"""
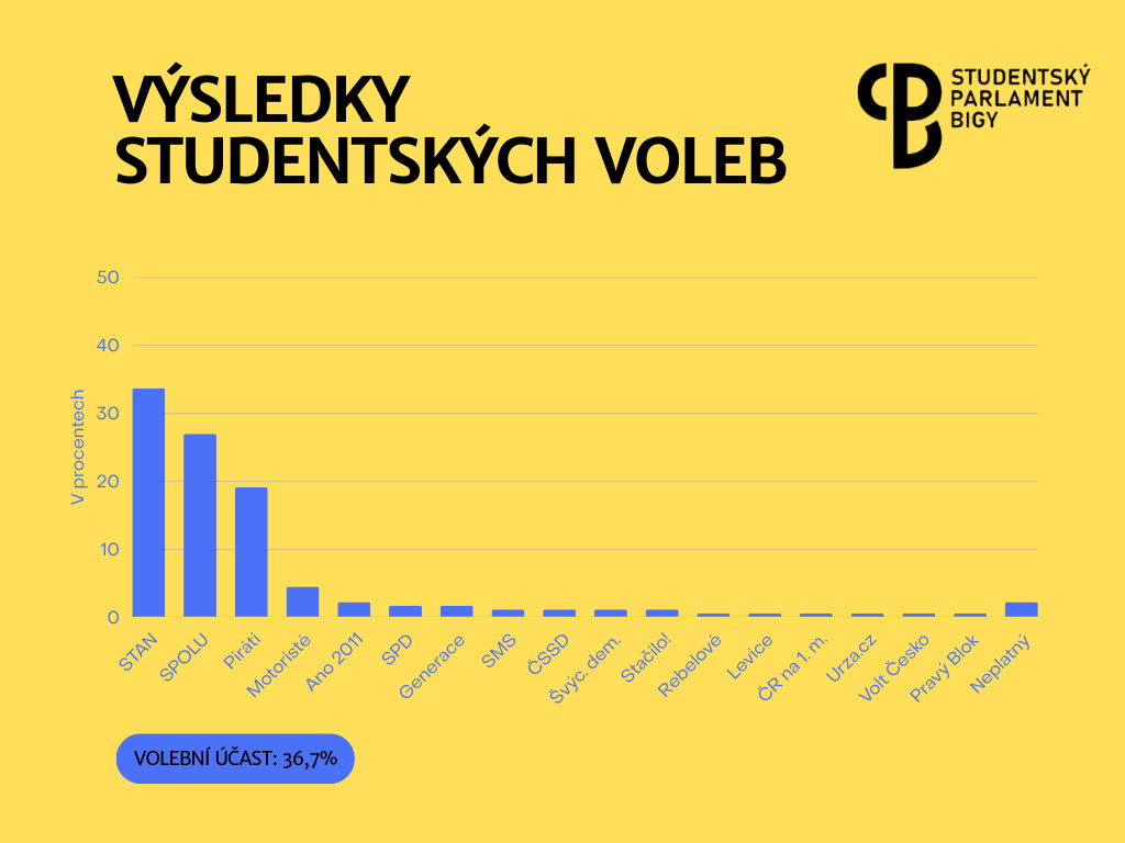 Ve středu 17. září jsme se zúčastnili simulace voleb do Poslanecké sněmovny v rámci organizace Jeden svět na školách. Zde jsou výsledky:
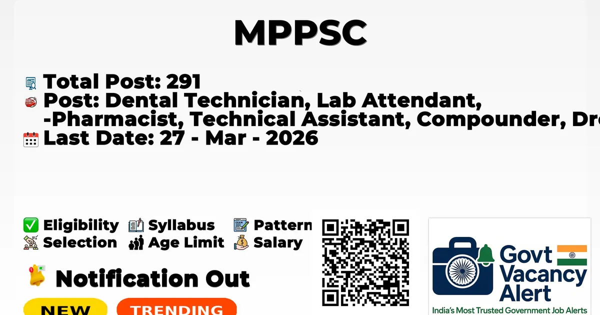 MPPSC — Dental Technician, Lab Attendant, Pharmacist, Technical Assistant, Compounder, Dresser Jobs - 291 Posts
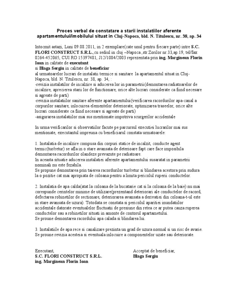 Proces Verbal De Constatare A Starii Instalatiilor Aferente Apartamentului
"""
When you return the listing, keep it exact and omit any pictures it holds.

▶ [Result of this exercise]:
 Ve středu 17. září jsme se zúčastnili simulace voleb do Poslanecké sněmovny v rámci organizace Jeden svět na školách. Zde jsou výsledky:
 MPPSC — Dental Technician, Lab Attendant, Pharmacist, Technical Assistant, Compounder, Dresser Jobs - 291 Posts
 Proces Verbal De Constatare A Starii Instalatiilor Aferente Apartamentului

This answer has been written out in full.